### Provided data
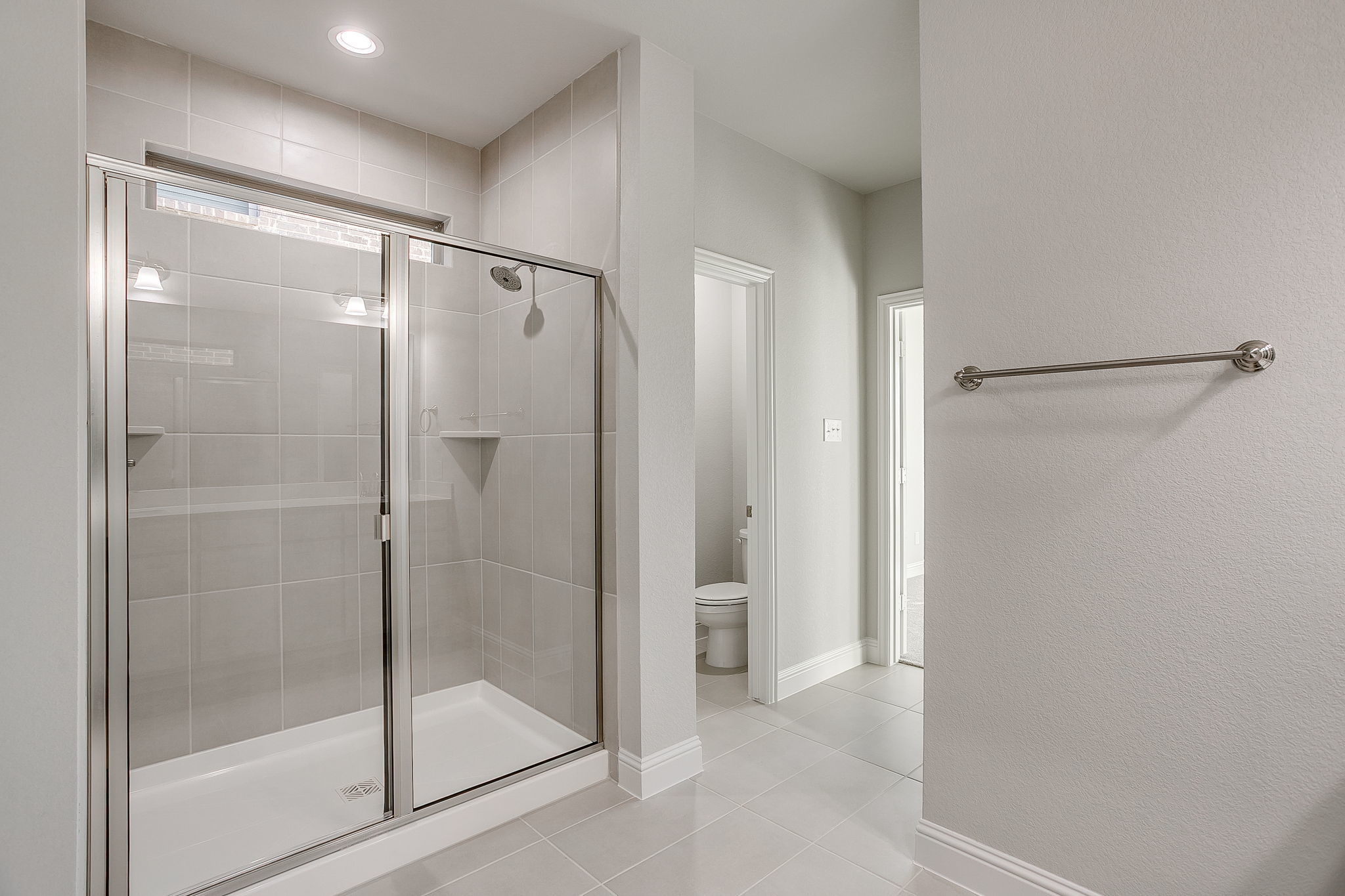 Tucked away on the first floor, the private primary suite serves as a tranquil retreat, complete with a dual vanity, elegant 12x24 tile accents, a large glass-enclosed shower, and a generous walk-in closet.
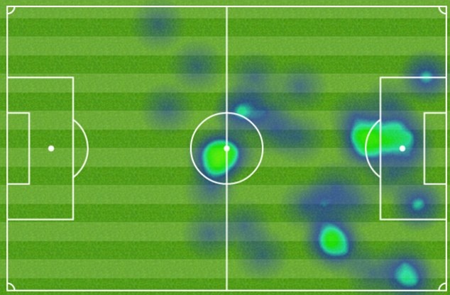 | Khu vực hoạt động của Luis Suarez trong cuộc đụng độ Tottenham. |
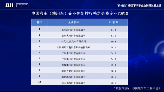 中國(guó)汽車(chē)(乘用車(chē))企業(yè)創(chuàng)新排行榜之合資企業(yè)TOP10
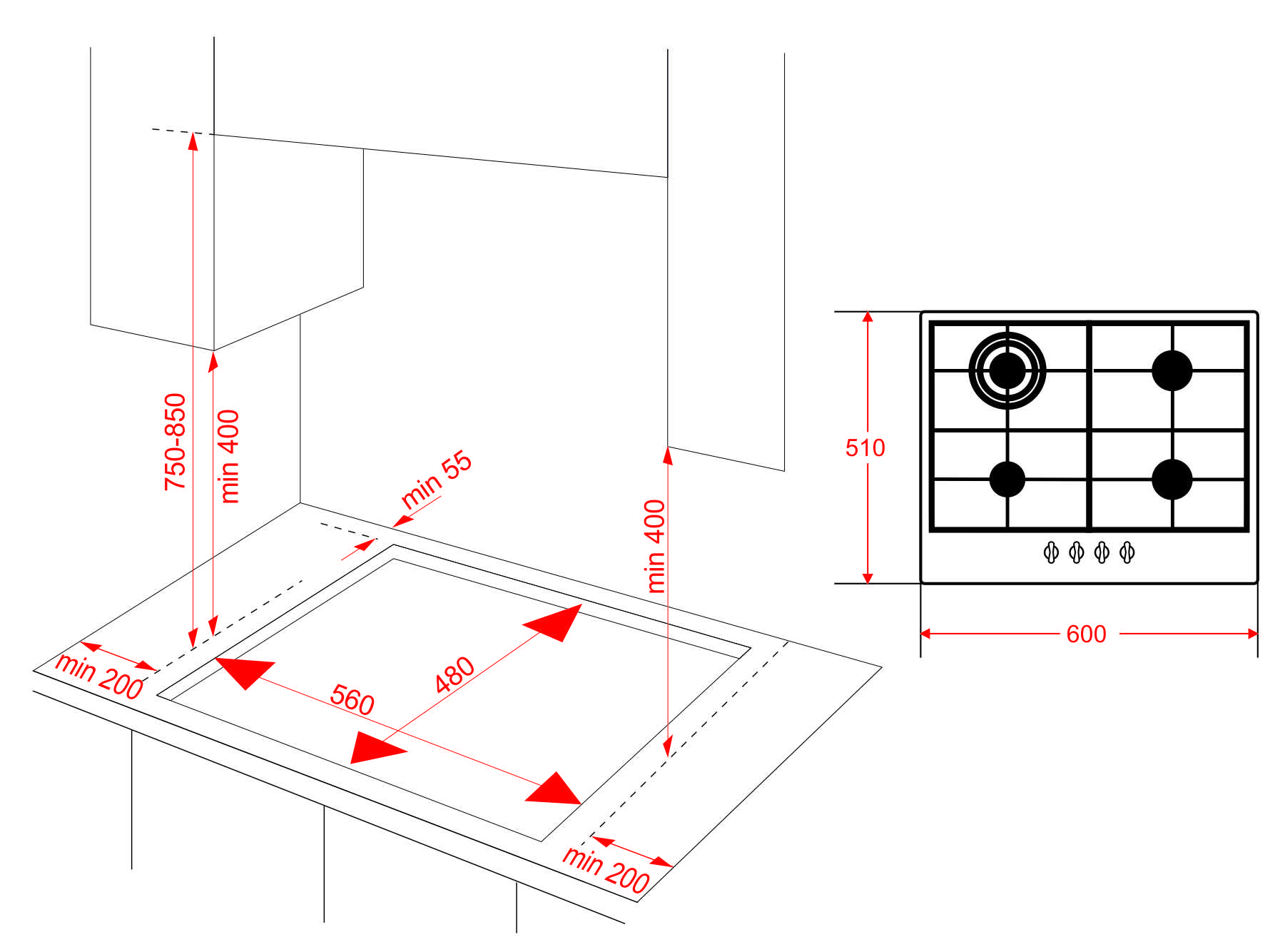 - WOK-конфорка: + Встроенный в ручки электроподжиг

### Exercise description
For your answer, write out the data exactly and drop every picture.

### Written reply
 Tucked away on the first floor, the private primary suite serves as a tranquil retreat, complete with a dual vanity, elegant 12x24 tile accents, a large glass-enclosed shower, and a generous walk-in closet.
 | Khu vực hoạt động của Luis Suarez trong cuộc đụng độ Tottenham. |
 中國(guó)汽車(chē)(乘用車(chē))企業(yè)創(chuàng)新排行榜之合資企業(yè)TOP10
 - WOK-конфорка: + Встроенный в ручки электроподжиг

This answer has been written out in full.